Jia Yanru, Zeng Yu, Guo Huaping
School of Big Data and Artificial Intelligence, Xinyang University, Xinyang, China.
School of Computer and Information Techonology, Xinyang Normal University, Xinyang, China.
IET Syst Biol. 2025 Jan-Dec;19(1):e70036. doi: 10.1049/syb2.70036.
Accurate polyp segmentation is crucial for computer-aided diagnosis and early detection of colorectal cancer. Whereas feature pyramid network (FPN) and its variants are widely used in polyp segmentation, inherent limitations existing in FPN include: (1) repeated upsampling degrades fine details, reducing small polyp segmentation accuracy and (2) naive feature fusion (e.g., summation) inadequately captures global context, limiting performance on complex structures. To address limitations, we propose a cascaded aggregation network (CANet) that systematically integrates multi-level features for refined representation. CANet adopts PVT transformer as the backbone to extract robust multi-level representations and introduces a cascade aggregation module (CAM) that enriches semantic features without sacrificing spatial details. CAM adopts a top-down enhancement pathway, where high-level features progressively guide the fusion of multiscale information, enhancing semantic representation while preserving spatial details. CANet further integrates a multiscale context-aware module (MCAM) and a residual-based fusion module (RFM). MCAM applies parallel convolutions with diverse kernel sizes and dilation rates to low-level features, enabling fine-grained multiscale extraction of local details and enhancing scene understanding.
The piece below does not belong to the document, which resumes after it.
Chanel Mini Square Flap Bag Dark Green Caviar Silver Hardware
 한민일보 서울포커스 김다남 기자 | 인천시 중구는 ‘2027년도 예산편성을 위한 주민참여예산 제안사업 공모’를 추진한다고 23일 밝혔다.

RFM fuses these local features with high-level semantics from CAM, enabling effective cross-level integration. Experiments show that CANet outperforms SOTA methods in in- and out-of-distribution tests.
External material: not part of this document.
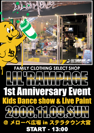ベイビー&キッズからメンズ&レディースまで幅広く展開するブランド「LIL'RAMPAGE」のフラッグショップ・オープン1周年を記念して11月9日にステラタウン大宮内にあるメローペ広場にてイベント開催が決定!! ステラタウンとリルランペイジのコンセプトに合わせたファミリー重視で作り出されたイベント内容はKIDSダンス発表会とグラフィティ・クルー「ACC(Asian Can Controlerz」によるライブペイント。 【強いガキになれ】の名の通りアツいKIDSがダンスで見せる!! GUEST DANCERには「BAV-WORKS(KIDS)」 と「LUCKY TWINS(KIDS)」、ACCから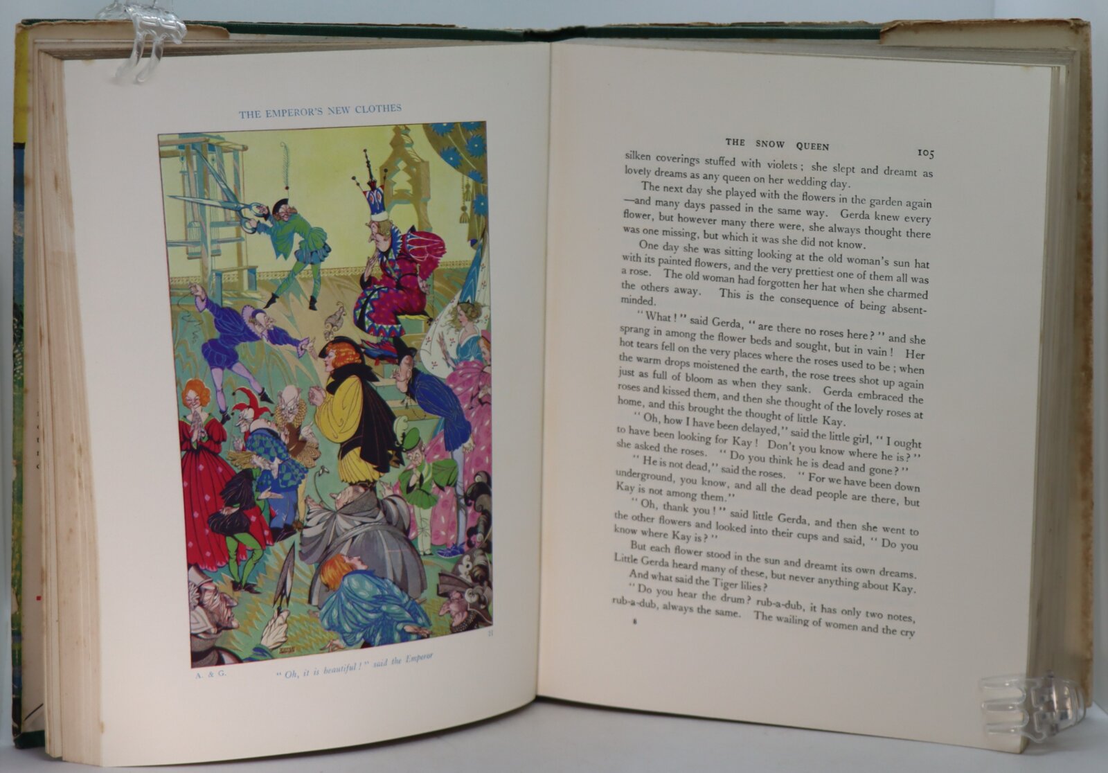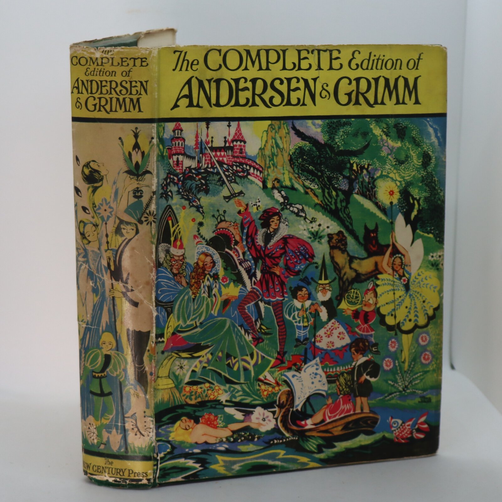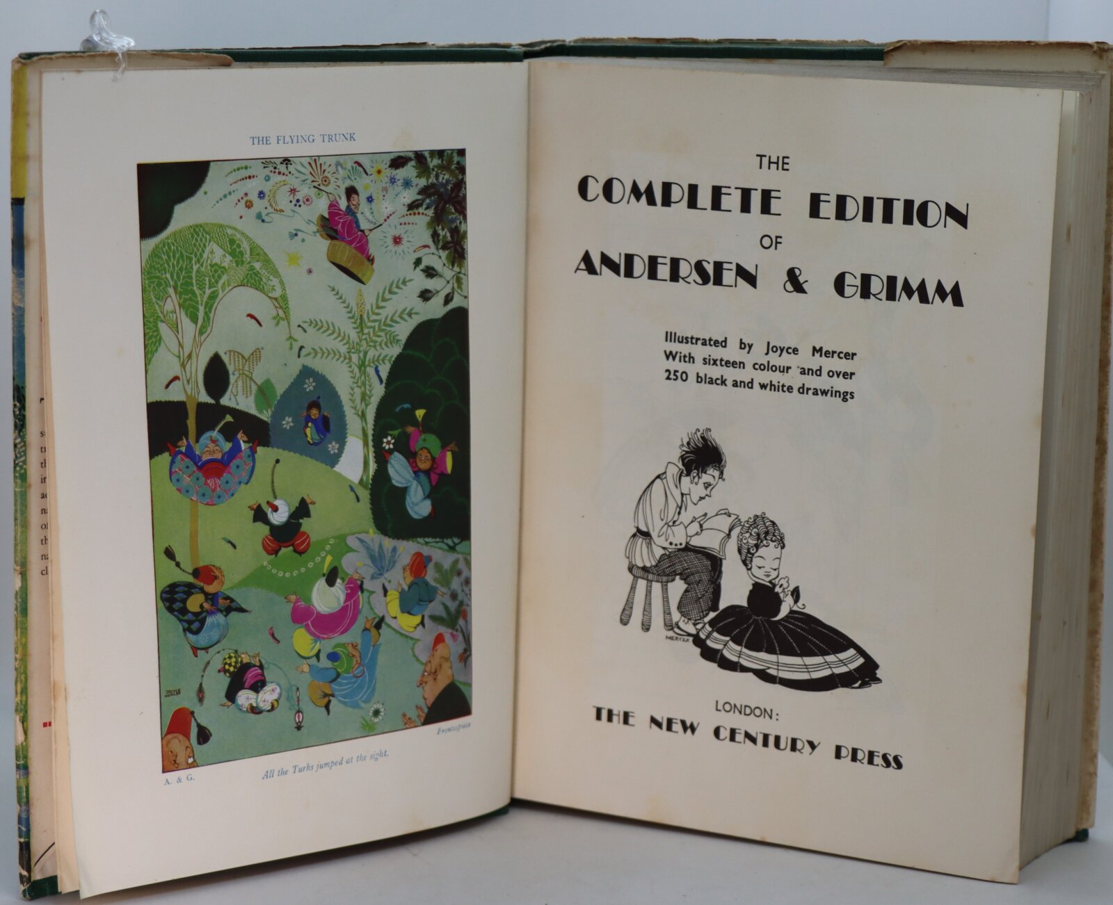 Rare very good example in near very good original wrapper. From front flap summary: “The exquisite art of Miss Joyce Mercer has never found a more suitable medium than the illustration of these famous tales. Although children enjoy the stories in themselves, there is a great advantage in having them illuminated with the wit and understanding of Miss Mercer’s imagination, for they enable the youthful mind to envisage with greater clarity the characters and incidents in the stories, and we do not doubt that this will be accepted as the edition of Andersen and Grimm.” The complete edition with 318 and 252 pages.

准确的息肉分割对于结直肠癌的计算机辅助诊断和早期检测至关重要。虽然特征金字塔网络(FPN)及其变体在息肉分割中被广泛使用,但FPN存在的固有局限性包括:(1)重复上采样会降低精细细节,降低小息肉分割的准确性;(2)简单的特征融合(例如求和)不能充分捕捉全局上下文,限制了在复杂结构上的性能。为了解决这些局限性,我们提出了一种级联聚合网络(CANet),该网络系统地集成多级特征以进行精细表示。CANet采用PVT变换器作为主干来提取强大的多级表示,并引入了一个级联聚合模块(CAM),该模块在不牺牲空间细节的情况下丰富语义特征。CAM采用自上而下的增强路径,其中高级特征逐步引导多尺度信息的融合,在保留空间细节的同时增强语义表示。CANet进一步集成了一个多尺度上下文感知模块(MCAM)和一个基于残差的融合模块(RFM)。MCAM对低级特征应用具有不同内核大小和扩张率的并行卷积,实现对局部细节的细粒度多尺度提取并增强场景理解。RFM将这些局部特征与来自CAM的高级语义进行融合,实现有效的跨级集成。实验表明,CANet在分布内和分布外测试中均优于当前最优方法。